Exercise materials:
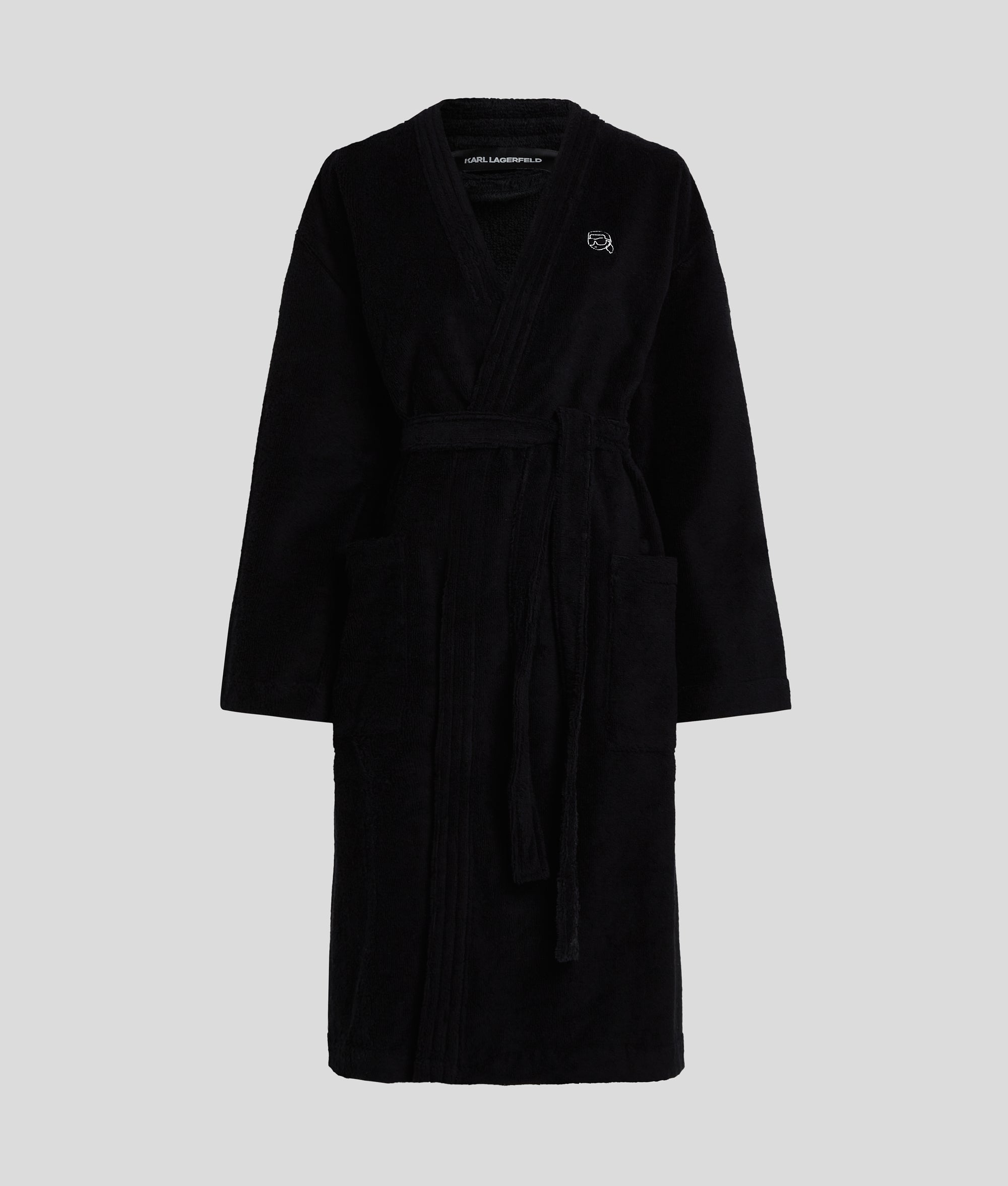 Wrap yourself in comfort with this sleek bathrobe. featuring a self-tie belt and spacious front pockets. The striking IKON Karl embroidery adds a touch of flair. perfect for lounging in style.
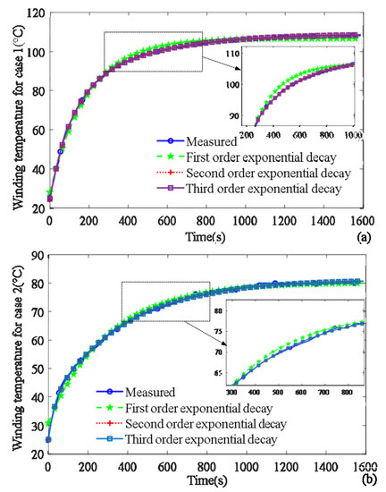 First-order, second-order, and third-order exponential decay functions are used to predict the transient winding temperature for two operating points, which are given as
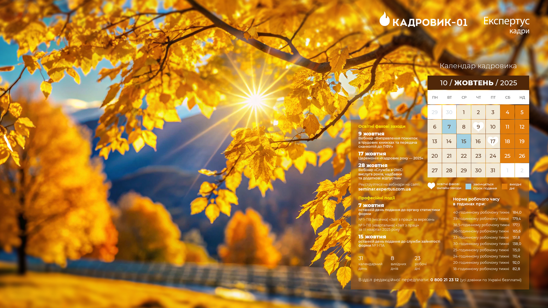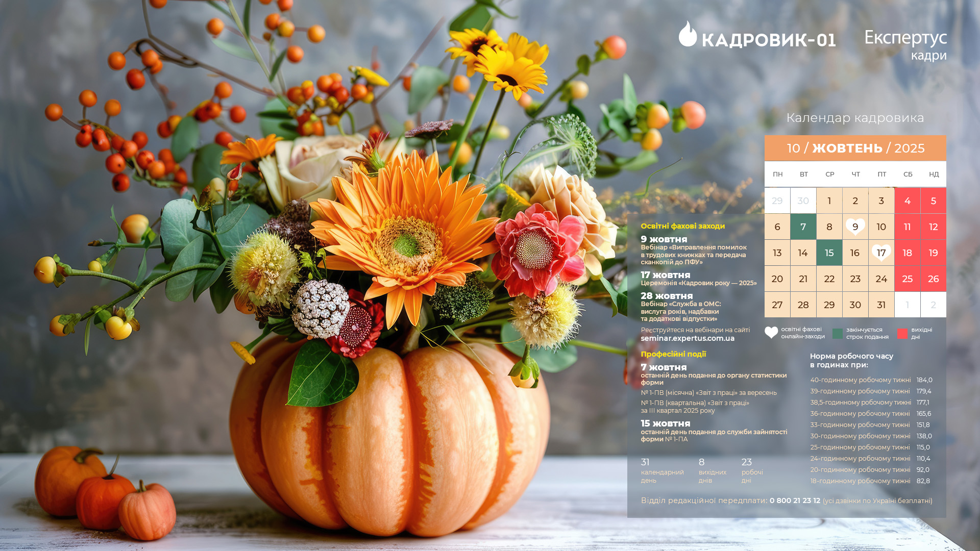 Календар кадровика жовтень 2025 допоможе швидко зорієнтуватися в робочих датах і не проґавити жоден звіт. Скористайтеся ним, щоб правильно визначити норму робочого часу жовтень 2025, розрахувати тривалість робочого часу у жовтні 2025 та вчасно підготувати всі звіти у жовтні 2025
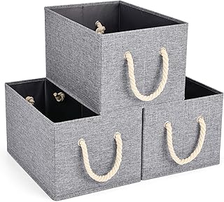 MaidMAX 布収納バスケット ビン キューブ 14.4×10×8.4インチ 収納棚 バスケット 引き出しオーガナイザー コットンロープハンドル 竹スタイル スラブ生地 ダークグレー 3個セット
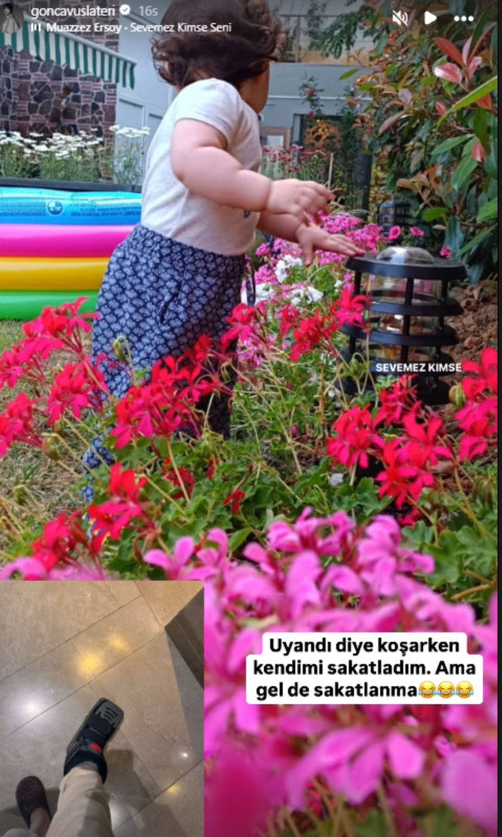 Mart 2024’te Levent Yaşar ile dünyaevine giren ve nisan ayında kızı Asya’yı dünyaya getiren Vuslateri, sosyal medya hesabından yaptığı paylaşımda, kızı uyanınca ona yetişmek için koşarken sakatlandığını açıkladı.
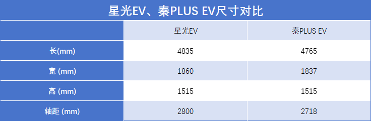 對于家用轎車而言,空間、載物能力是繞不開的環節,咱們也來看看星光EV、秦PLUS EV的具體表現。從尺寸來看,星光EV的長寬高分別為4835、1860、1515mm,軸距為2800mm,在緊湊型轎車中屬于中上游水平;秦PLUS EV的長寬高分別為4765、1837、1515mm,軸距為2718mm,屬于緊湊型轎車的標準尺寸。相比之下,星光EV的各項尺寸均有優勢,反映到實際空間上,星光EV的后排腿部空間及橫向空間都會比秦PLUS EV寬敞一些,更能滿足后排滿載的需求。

Directions for this task:
Print the entries as they stand, first line through the line holding "Mart 2024’te Levent", with every picture removed.

Output for this exercise:
 Wrap yourself in comfort with this sleek bathrobe. featuring a self-tie belt and spacious front pockets. The striking IKON Karl embroidery adds a touch of flair. perfect for lounging in style.
 First-order, second-order, and third-order exponential decay functions are used to predict the transient winding temperature for two operating points, which are given as
 Календар кадровика жовтень 2025 допоможе швидко зорієнтуватися в робочих датах і не проґавити жоден звіт. Скористайтеся ним, щоб правильно визначити норму робочого часу жовтень 2025, розрахувати тривалість робочого часу у жовтні 2025 та вчасно підготувати всі звіти у жовтні 2025
 MaidMAX 布収納バスケット ビン キューブ 14.4×10×8.4インチ 収納棚 バスケット 引き出しオーガナイザー コットンロープハンドル 竹スタイル スラブ生地 ダークグレー 3個セット
 Mart 2024’te Levent Yaşar ile dünyaevine giren ve nisan ayında kızı Asya’yı dünyaya getiren Vuslateri, sosyal medya hesabından yaptığı paylaşımda, kızı uyanınca ona yetişmek için koşarken sakatlandığını açıkladı.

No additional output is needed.